LogitsConfig.__init__() got an unexpected keyword argument 'ith_hidden_layer'
How can I extract ESMC_6B embedding of sequences? I tried to extract protein embedding, following the instructions in https://github.com/evolutionaryscale/esm/blob/main/cookbook/tutorials/2_embed.ipynb.
ESMC_6B_EMBEDDING_CONFIG = LogitsConfig(return_hidden_states=True, ith_hidden_layer=55)
TypeError Traceback (most recent call last) Cell In[40], line 1 ----> 1 ESMC_6B_EMBEDDING_CONFIG = LogitsConfig(return_hidden_states=True, ith_hidden_layer=55)
TypeError: LogitsConfig.init() got an unexpected keyword argument 'ith_hidden_layer'
After spending several hours to compare the source codes from pip install esm with this repo, I found that if directly using
pip install esm
to install esm3, it will cause the problem because the esm pip package seems have not been updated yet. You can try installing the env via
# clone this repo first
git clone https://github.com/evolutionaryscale/esm.git
conda create -n esm python=3.10
conda activate esm
# cd into the directory of this repo
python -m pip install .
# This will install the dependencies via pyproject.toml in this repo
For the single sequence using ESMC_6B embedding, you can use the following example
# Modify the LogitsConfig and model setting to ESMC_6B first
from esm.sdk import client
model = client(
model="esmc-6b-2024-12", url="https://forge.evolutionaryscale.ai", token=YOUR_TOKEN
)
# Suppose you want to extract the embedding of the last hidden layer 80 in ESMC_6B
ESMC_6B_EMBEDDING_CONFIG = LogitsConfig(sequence=True, return_embeddings=True, return_hidden_states=True, ith_hidden_layer=79)
def embed_sequence(model: ESM3InferenceClient, sequence: str) -> LogitsOutput:
# I found the error message of ESMC is somehow difficult to find, so I directly print all the variables
protein = ESMProtein(sequence=sequence)
#print(protein)
protein_tensor = model.encode(protein)
#print(protein_tensor)
output = model.logits(protein_tensor, ESMC_6B_EMBEDDING_CONFIG)
#print(output)
return output
sequence="AAAAA"
logits_output = embed_sequence(model, sequence)

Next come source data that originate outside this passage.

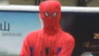三男子扮蜘蛛侠手持横幅讨薪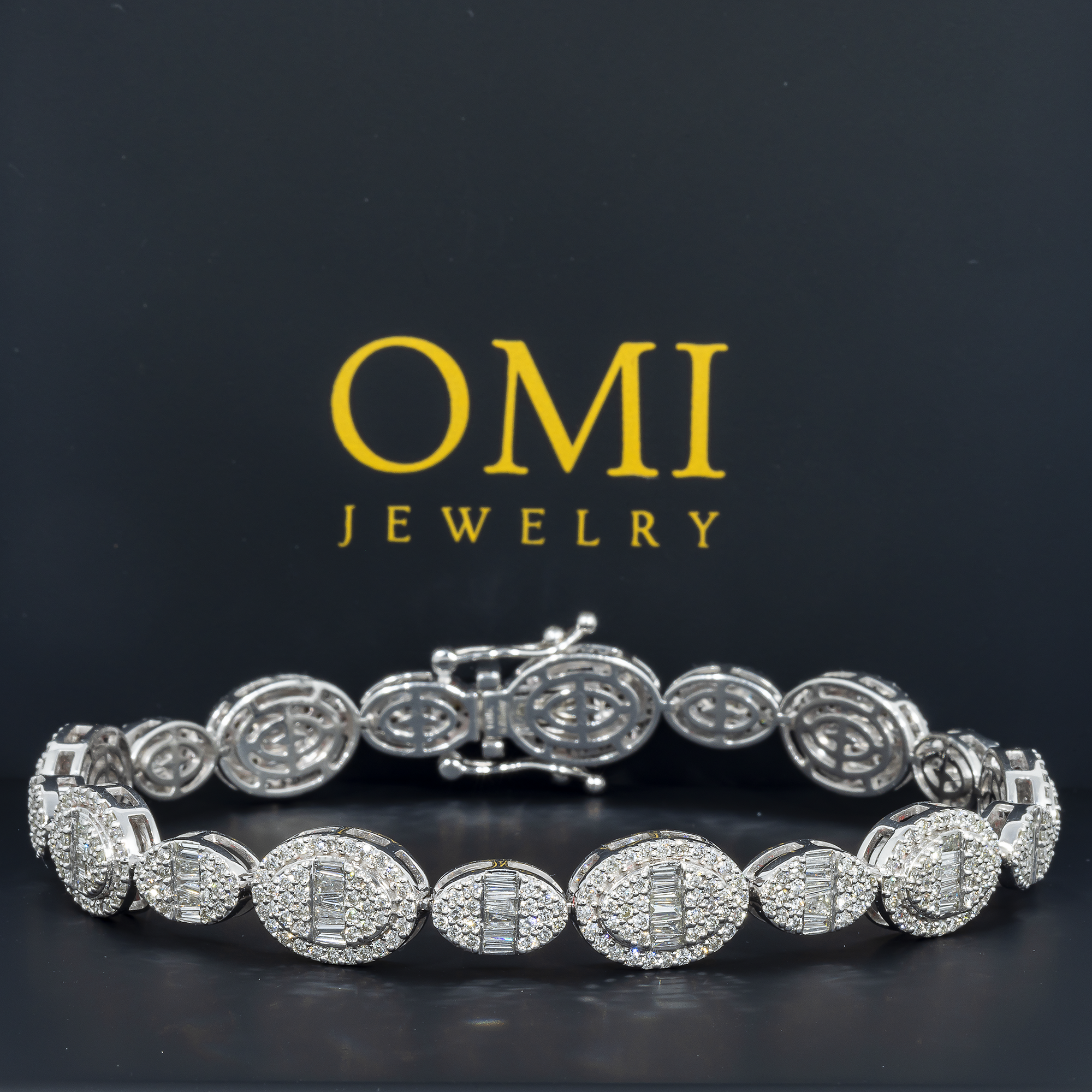 10K GOLD BAGUETTE AND ROUND DIAMONDS OVAL HALO BRACELET 5.98 CT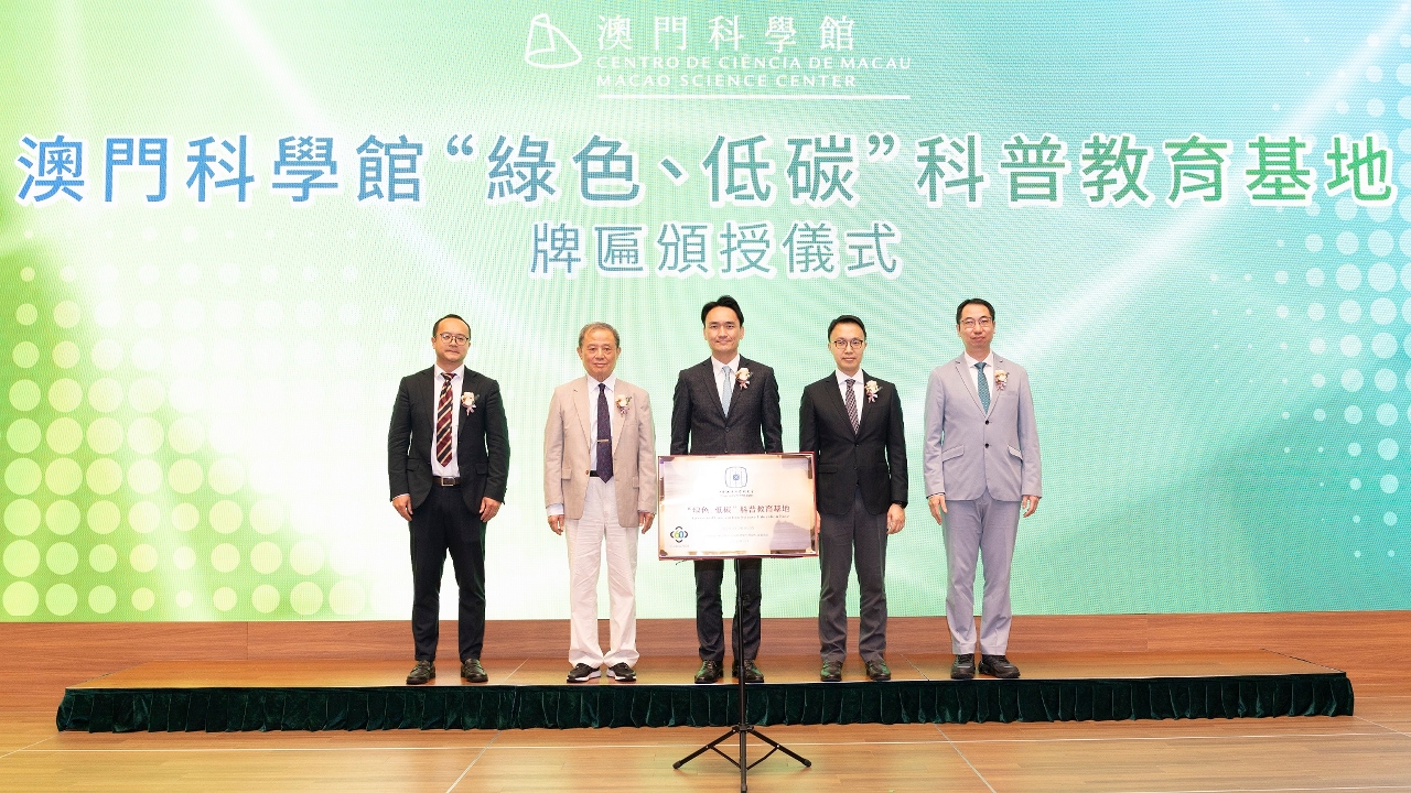 有關基地牌匾頒授儀式於3月26日在澳門科學館展覽中心舉行,在教育及青年發展局局長、澳門科學館股份有限公司股東會主席龔志明、中國城市科學研究會綠色建築與節能專業委員會主任王有為,以及中國綠色建築與節能(澳門)協會會長卓重賢的見證下,中國城市科學研究會綠色建築與節能專業委員會副秘書長戈亮向澳門科學館館長邵漢彬頒授“綠色、低碳”科普教育基地牌匾。科學館董事會、澳門科技大學、中國綠色建築與節能(澳門)協會、中國建築工程(澳門)有限公司、澳門建築業協會等代表出席儀式。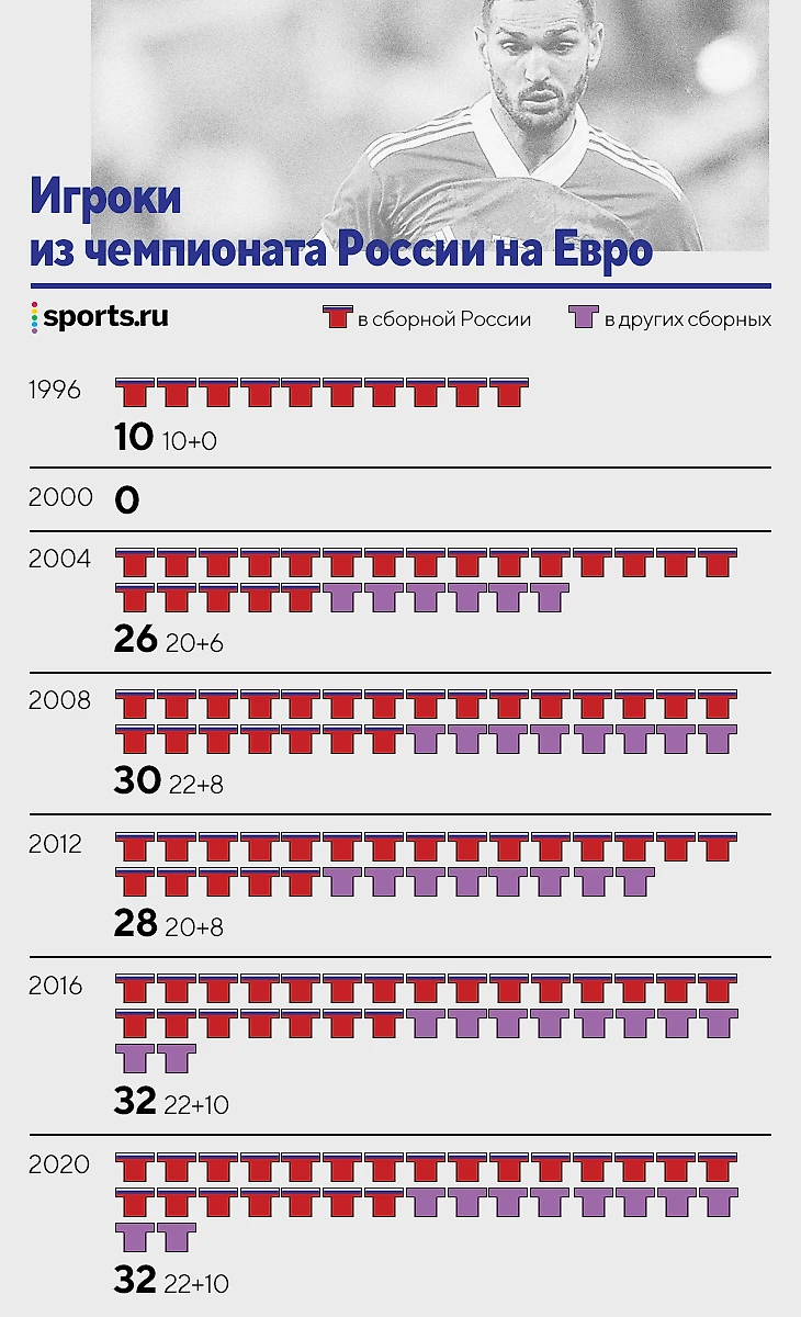 Речь не только про сборную России. 2016-й год – пик! 22 игрока в сборной России и еще 10 – в других. Сейчас цифры такие же, но учитывайте, что и футболистов на Евро больше: 26 игроков в заявке вместо 23.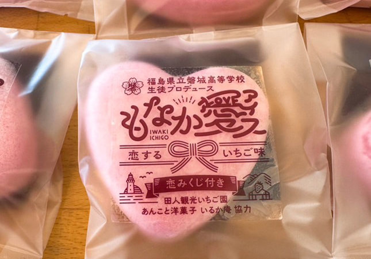 2025年には、磐城高校のグループワークの一環で、磐高生と小名浜の人気スイーツショップ「あんこと洋菓子 いるか庵」と「田人観光いちご園」がコラボし、可愛らしいハート型の最中に、いちごのアイスを挟んだ、「もなか愛(アイ)ス ~恋するいちご味~(恋みくじ付き)」を開発しました。磐城高校の購買部のほか、「あんこと洋菓子 いるか庵」、「LATOV(ラトブ)」で購入可能です。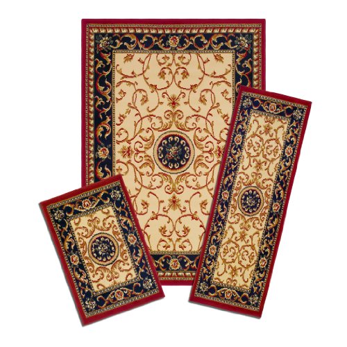 Achim Home Furnishings Capri 3-Piece Rug Set, Wrought Iron Medallion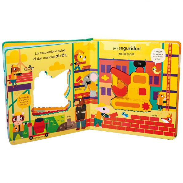 Una excavadora con mecanismos sonoros recorre los escenarios de una obra de construcción donde encontrará a los trabajadores, otros vehículos como la grúa o el camión y herramientas como el taladro o los ladrillos. A los niños y a las niñas les encantará apretar las partes blandas de esta excavadora para escuchar los sonidos de la luz giratoria, de las ruedas ¡y hasta del motor!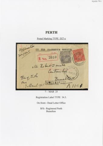 Registration Label, Perth (with D27-c type postmark), 1925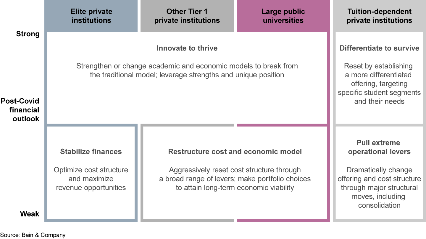 - But many schools have been on an unsustainable path for more than a decade. Bain’s modeling finds that heavily tuition-dependent private institutions face the greatest risk. Up to 60% of these schools have a weak financial outlook.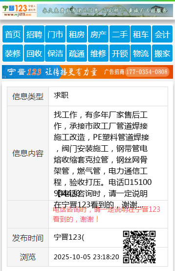 找工作,有多年厂家售后工作,承接市政工厂管道焊接施工改造,PE塑料管道焊接,阀门安装施工,钢带管电熔收缩套克拉管,钢丝网骨架管,燃气管,电力通信工程,验收打压。电话15100944430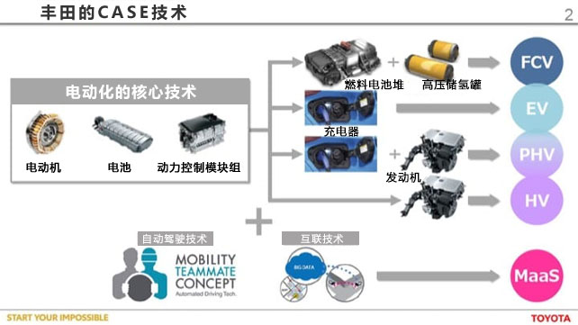 丰田在2015年1月宣布免费提供燃料电池车(FCV)的专利,2017年9月通过与马自达、电装设立的EV C.A. Spirit,宣布制定并公开EV(电动汽车)的标准规格。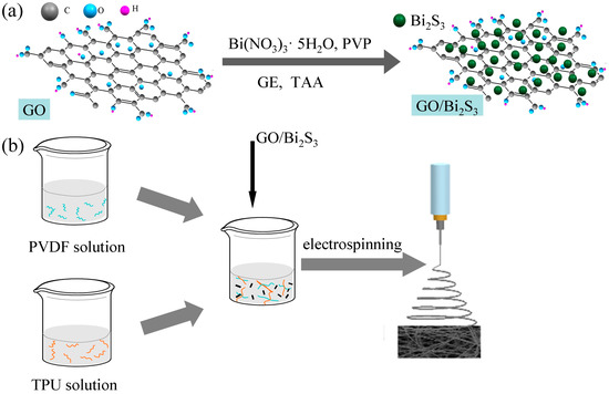 Graphene oxide (GO) aqueous solution was obtained from JCNANO, Inc. (Nanjing, China). Poly (vinylidene fluoride) (PVDF, Mw = 1,100,000) and thermoplastic polyurethane (TPU, Mw = 600,000) were supplied by Solef Co. Ltd. (Shanghai, China) and Basf Co. Ltd. (Shanghai, China). Bismuth nitrate pentahydrate (Bi (NO3)3·5H2O) and polyvinylpyrrolidone (PVP) were provided by Nona technology Co. Ltd. (Hubei, China) and Zhengkun chemical Co. Ltd. (Tianjin, China). Thioacetamide (TAA) and ethylene glycol (EG) were obtained from Jiuding chemical Co. Ltd. (Shanghai, China). N,N-dimethylformamide (DMF), acetone, and ethanol were provided by Aladdin reagent Co., Ltd. (Shanghai, China).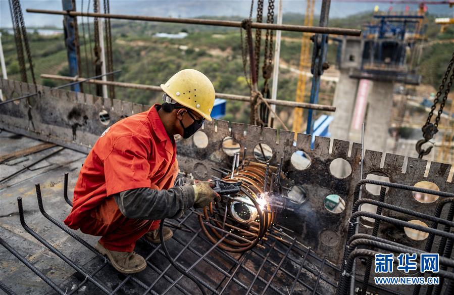在位于普洱市的木乃河雙線特大橋工程現(xiàn)場,工人在施工作業(yè)(4月12日攝)。新華社記者秦晴攝

#print(logits_output.logits, logits_output.embeddings, logits_output.hidden_states)
# Check if the hidden_states can be successfully extracted
print(logits_output.hidden_states)
I think this will solve your problem.
Cheers, Ryan
Thank you for the detailed instructions! The issue was resolved after I Successfully installed esm-3.1.3 as you suggested. The embedding extraction works as expected now.
I really appreciate your help!
Happy to help! :tada::tada::tada:
I was experiencing the same issue but following the suggestion by @Ryan-Hu-Hu-Hu the issue was resolved. However, upon proceeding to the next step in my code to extract embeddings, I received the following error:
TypeError: ESM3SageMakerClient._post() got an unexpected keyword argument 'return_bytes'
The code that I am using is:
model_name_for_esmc = get_model_name(model_package_arn)
model = ESM3SageMakerClient(
endpoint_name = ENDPOINT_NAME,
model = model_name_for_esmc,
)
protein = ESMProtein(sequence="AAAAA")
protein_tensor = model.encode(protein)
logits_output = model.logits(protein_tensor, LogitsConfig(sequence=True, return_embeddings=True))
print("Logits:", logits_output.logits)
print("Embeddings:", logits_output.embeddings)
However, this issue gets resolved with esm==3.1.1. But then it causes the LogitsConfig error again.
I am using Sagemaker for this. I have created an endpoint and deployed the ESMC-300M model there
Any suggestions/workarounds are appreciated. Thank you!
Are these still issues on the latest version? I believe we fixed most of this.